● **DATASET CONTENT**
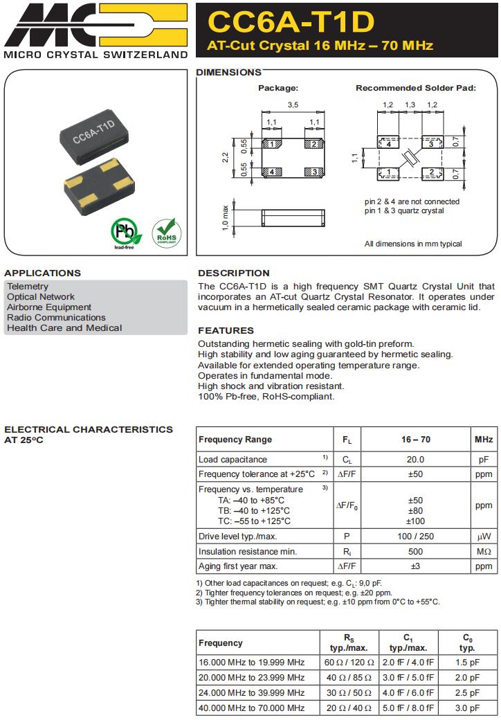 CC4V-T1A-1.000MHz-10pF-100PPM-TA-QC | Micro Crystal | 晶體 1.000 MHz 10.0 pF +/-100 PPM -40/+85C |
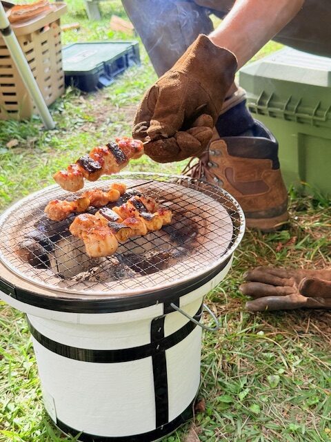 七輪で焼いた焼き鳥が最高で、自然の中で食べるとさらに美味しく感じました♪
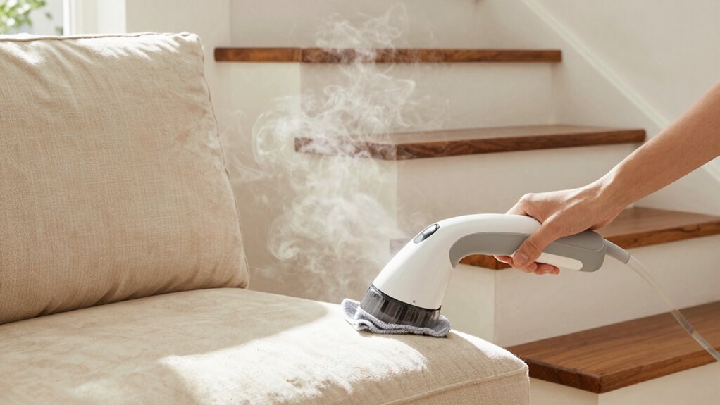 Yes, you can use a steam cleaner on many upholstery types, but you must consider steam cleaner safety and upholstery material compatibility first. Check your furniture’s care label for specific cleaning instructions. Some fabrics, like silk or velvet, may not tolerate steam well and could get damaged. Always test a small, hidden area first and use the lowest steam setting to prevent oversaturation and guarantee safe cleaning.
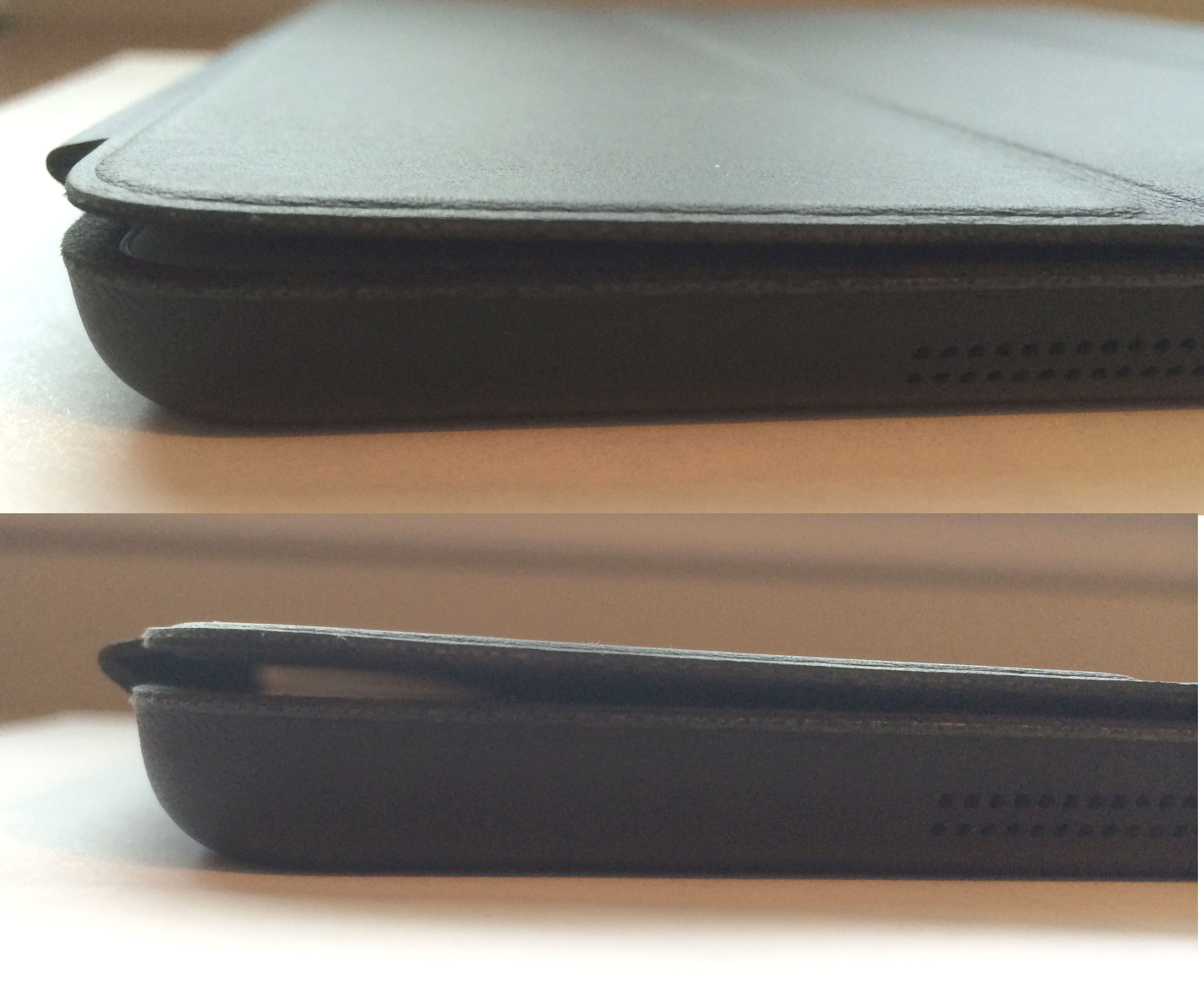 Don't know what the other poster was referring to, but in my case, the texture of the leather on my Air2 case feels nicer. Hard to describe, but it just feels like a bit more high quality leather.

● **WHAT NEEDS TO BE DONE**
Whenever images occur above, omit them and retype each line exactly as it stands.

● **WRITTEN SOLUTION**
 CC4V-T1A-1.000MHz-10pF-100PPM-TA-QC | Micro Crystal | 晶體 1.000 MHz 10.0 pF +/-100 PPM -40/+85C |
 七輪で焼いた焼き鳥が最高で、自然の中で食べるとさらに美味しく感じました♪
 Yes, you can use a steam cleaner on many upholstery types, but you must consider steam cleaner safety and upholstery material compatibility first. Check your furniture’s care label for specific cleaning instructions. Some fabrics, like silk or velvet, may not tolerate steam well and could get damaged. Always test a small, hidden area first and use the lowest steam setting to prevent oversaturation and guarantee safe cleaning.
 Don't know what the other poster was referring to, but in my case, the texture of the leather on my Air2 case feels nicer. Hard to describe, but it just feels like a bit more high quality leather.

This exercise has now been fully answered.